View full screen - View 1 of Lot 75. A Meissen circular dish, Circa 1735.

A Meissen circular dish, Circa 1735

Auction Closed

September 14, 05:54 PM GMT

Estimate

25,000 - 40,000 USD

Lot Details

Description

A Meissen circular dish, Circa 1735


similarly decorated to the preceding, crossed swords mark in underglaze-blue.

Diameter: 8⅞ in.

22.8 cm

Miss H. Argyropoulo, her sale, Christie's London, May 12, 1927, lot 37, 38 or 39, all of which acquired at the sale by Vollman for a total of £1,165 10 s;

Possibly with Arthur Wittekind;

Margarethe (née Knapp, 1878-1949) and Dr. Franz (1871-1950) Oppenheimer, Berlin & Vienna, bearing label (no. 238 in red);

Dr. Fritz Mannheimer (1890-1939), Amsterdam & Paris, inv. no.

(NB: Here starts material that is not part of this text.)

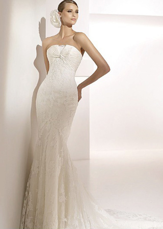 婚紗外面點(diǎn)綴著精美的花紋刺繡,原本應(yīng)該是腰帶的輕紗卻神奇的包裹在了抹胸上面,讓美麗的新娘多了一些嫵媚的神情,緊身的魚尾裝設(shè)計(jì)完美的展示了新娘的迷人曲線,長(zhǎng)長(zhǎng)的拖尾拖走了眾人的祝福。

Por. 378 a/b (acquired between 1936 and 1939);

Dienststelle Mühlmann, The Hague (acquired from the Estate of the above in 1941 on behalf of the Sonderauftrag Linz for the proposed Führermuseum);

On deposit at Kloster Stift Hohenfurth;

On deposit at Salzbergwerk Bad Aussee;

Recovered from the above by Allied Monuments Officers and transferred to the Central Collecting Point Munich (MCCP inv. no. 1561/2);

Repatriated from the above to Holland between 1945 and 1949;

Loaned by the Dutch State to the Rijksmuseum, Amsterdam in 1952 and transferred to the museum in 1960;

Restituted by the above to the heirs of Margarethe and Franz Oppenheimer in 2021

Dresden, Japanese Palace, 2010, cat. no. 122

Abraham L. den Blaauwen, Meissen porcelain in the Rijksmuseum, Amsterdam, 2000, pp. 156-57, cat. no. 89

Ulrich Pietsch and Claudia Banz, Triumph of the blue swords: Meissen

porcelain for aristocracy and bourgeoisie 1720-1815, exh. cat., Dresden, 2010, no. 122 no. 122

The 1927 Argyropoulo sale at Christie's included six dishes of this type sold as pairs. The three lots, which sold for a total of 1,110 guineas, were not illustrated so it is difficult to be certain which recorded examples may have come from that sale. Surviving dishes include one in the Metropolitan Museum of Art, New York, gifted by Thornton Wilson in 1954 (Cassidy-Geiger, 1996, Vol. 31, p. 103, fig. 13); one in the Dr. Schneider Collection, Schloss Lustheim (Eikelmann, 2004, p. 122, cat. no. 32); one in the Badisches Landesmuseum, Karlsruhe and another in the Hermitage in St. Petersburg.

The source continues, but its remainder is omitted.